Russell Deyo, J&J general counsel, was assistant U.S. attorney in New Jersey for eight years before joining J&J in 1985. As corporate secretary, McNeil Consumer Products Co. in 1991, he signed the 1982 murders settlement agreements. His job pays salary and bonus of more than $8 million, says Bartz. Families of the victims waited eight years before J&J agreed to a settlement.
One of the Bartz charges is that the case has now been “reopened” as a means of keeping key documents under cover.

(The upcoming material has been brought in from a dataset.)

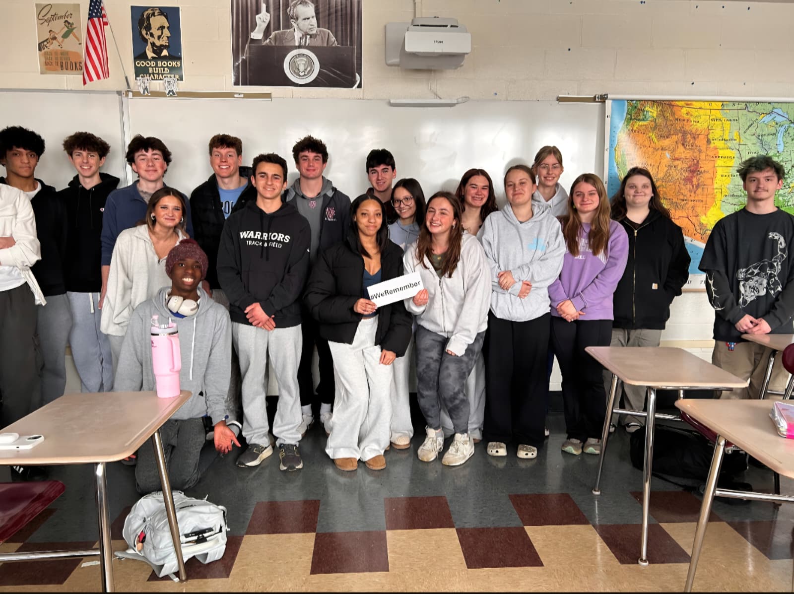 Dies passt auch zum jetzigen Thema, da wir gerade den Zweiten Weltkrieg und den Holocaust durchnehmen. Meine Mitschülern haben auf die Idee begeistert reagiert und es sind alle auf dem Foto.
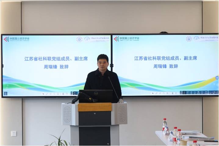 周瑞锋致辞中强调总书记在党的二十大报告中深刻阐述了绿色低碳发展的重要性和必要性,指出推动经济社会发展绿色化、低碳化是实现高质量发展的关键环节,同时也着重强调了构建优势互补,高质量发展的区域经济布局和国土空间体系的重要性。在江苏实践中,我们也看到了严守资源安全底线,优化国土空间格局,促进绿色低碳发展,维护资源权益这方面的自然资源管理的新定位,更深切地体会到推进生态保护和经济协调耦合发展与高质量国土空间治理体系线建设的重要积极意义。

Arthur Hull Hayes, Jr., head of the Food & Drug Administration and an unflagging supporter of the belief that the Tylenols were poisoned after delivery to stores, in 1991 became the COO of MediScience Assocs., a unit of the Nelson Communications subsidiary of J&J.
Bartz charges that the FBI and State of Illinois continue to keep the 1982 Tylenol murders open as an excuse to deny investigators access to documents.
Says Bartz:
“Evidence from the Tylenol murders has been kept hidden from the public by the confidentiality requirements of the ‘active’ investigation and the secrecy rules of grand jury proceedings. Prosecutors convened those grand juries in DuPage and Cook Counties in the fall of 2008 to cover up the truth about the Tylenol murders—not to solve them. It is extremely unlikely that officials would have conducted this charade without the blessing of J&J.”